■ **Instructions for the task**
Write out the data word for word, taking care that no picture is carried over.

----- Source material

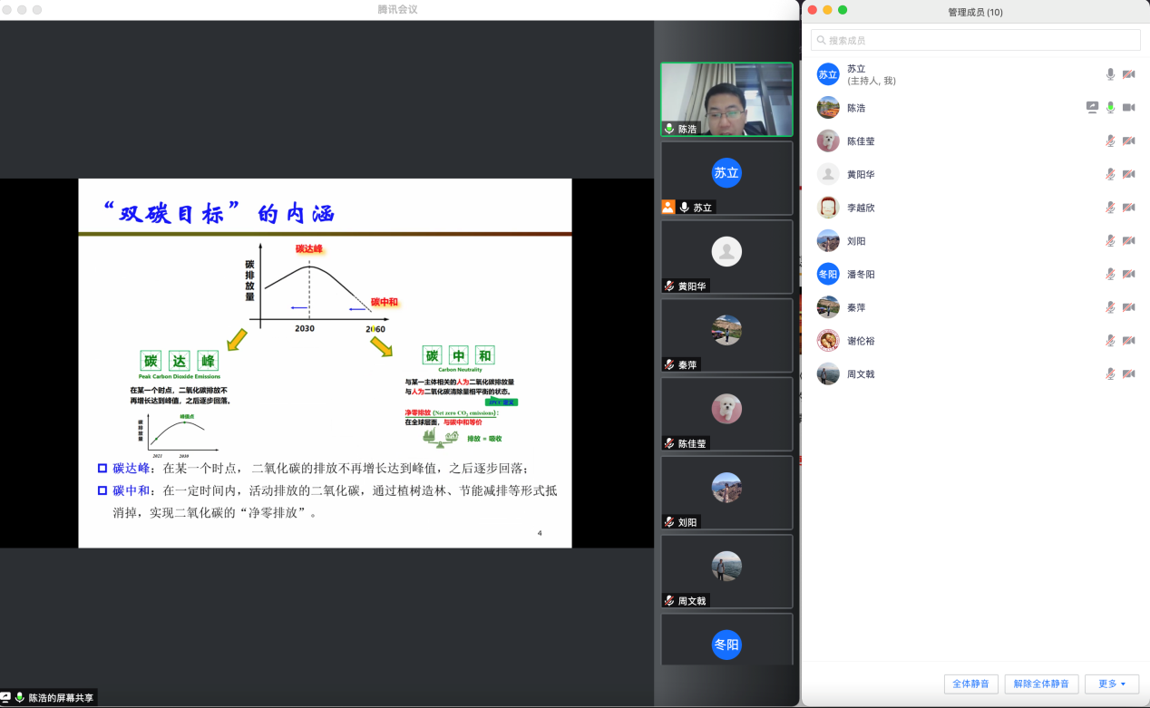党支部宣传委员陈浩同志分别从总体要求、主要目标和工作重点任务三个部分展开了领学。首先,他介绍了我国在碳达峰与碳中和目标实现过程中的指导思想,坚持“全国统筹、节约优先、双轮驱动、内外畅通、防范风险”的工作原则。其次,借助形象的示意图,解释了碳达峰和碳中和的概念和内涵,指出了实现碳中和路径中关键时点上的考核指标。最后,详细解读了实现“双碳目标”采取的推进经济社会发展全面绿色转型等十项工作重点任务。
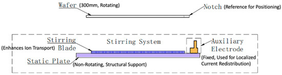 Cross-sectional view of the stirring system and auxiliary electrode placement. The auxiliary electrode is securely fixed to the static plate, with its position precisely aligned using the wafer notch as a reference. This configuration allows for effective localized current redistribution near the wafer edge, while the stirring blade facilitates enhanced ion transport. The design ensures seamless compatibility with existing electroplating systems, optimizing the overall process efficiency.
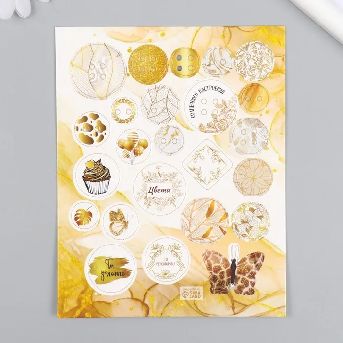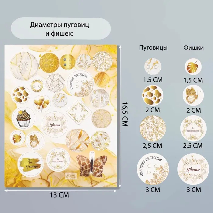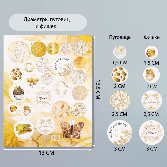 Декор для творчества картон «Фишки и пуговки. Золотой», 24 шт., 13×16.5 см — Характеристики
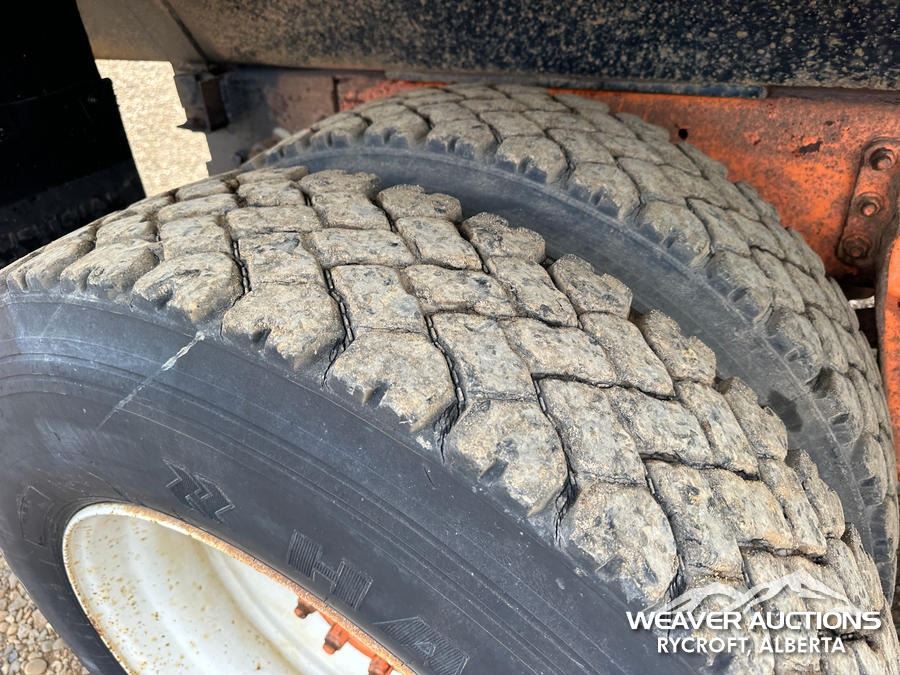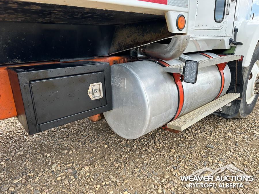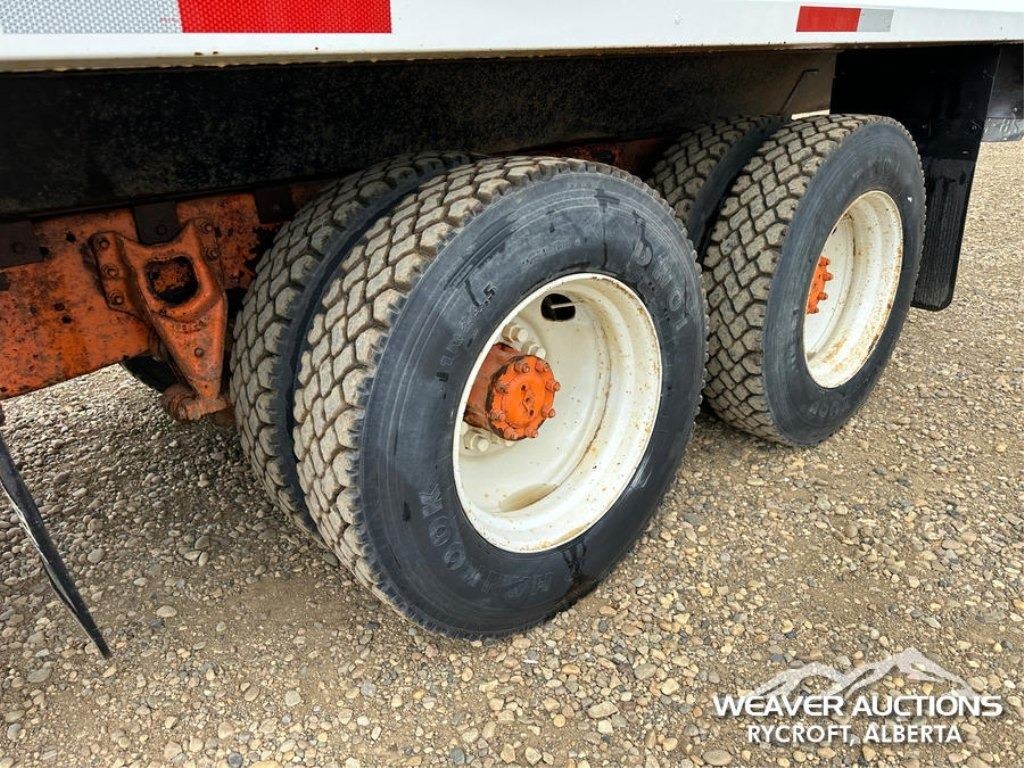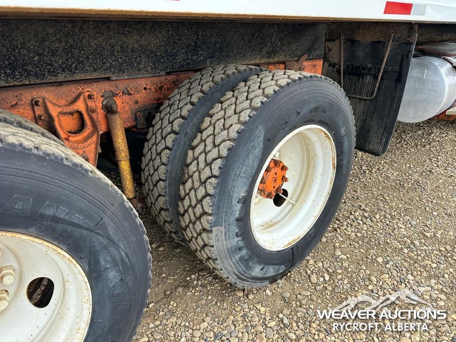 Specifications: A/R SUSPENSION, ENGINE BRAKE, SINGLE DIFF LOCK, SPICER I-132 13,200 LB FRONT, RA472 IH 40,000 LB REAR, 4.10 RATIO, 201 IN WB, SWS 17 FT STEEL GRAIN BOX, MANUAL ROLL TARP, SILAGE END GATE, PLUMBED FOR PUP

----------

■ **Answer below**
党支部宣传委员陈浩同志分别从总体要求、主要目标和工作重点任务三个部分展开了领学。首先,他介绍了我国在碳达峰与碳中和目标实现过程中的指导思想,坚持“全国统筹、节约优先、双轮驱动、内外畅通、防范风险”的工作原则。其次,借助形象的示意图,解释了碳达峰和碳中和的概念和内涵,指出了实现碳中和路径中关键时点上的考核指标。最后,详细解读了实现“双碳目标”采取的推进经济社会发展全面绿色转型等十项工作重点任务。
 Cross-sectional view of the stirring system and auxiliary electrode placement. The auxiliary electrode is securely fixed to the static plate, with its position precisely aligned using the wafer notch as a reference. This configuration allows for effective localized current redistribution near the wafer edge, while the stirring blade facilitates enhanced ion transport. The design ensures seamless compatibility with existing electroplating systems, optimizing the overall process efficiency.
 Декор для творчества картон «Фишки и пуговки. Золотой», 24 шт., 13×16.5 см — Характеристики
 Specifications: A/R SUSPENSION, ENGINE BRAKE, SINGLE DIFF LOCK, SPICER I-132 13,200 LB FRONT, RA472 IH 40,000 LB REAR, 4.10 RATIO, 201 IN WB, SWS 17 FT STEEL GRAIN BOX, MANUAL ROLL TARP, SILAGE END GATE, PLUMBED FOR PUP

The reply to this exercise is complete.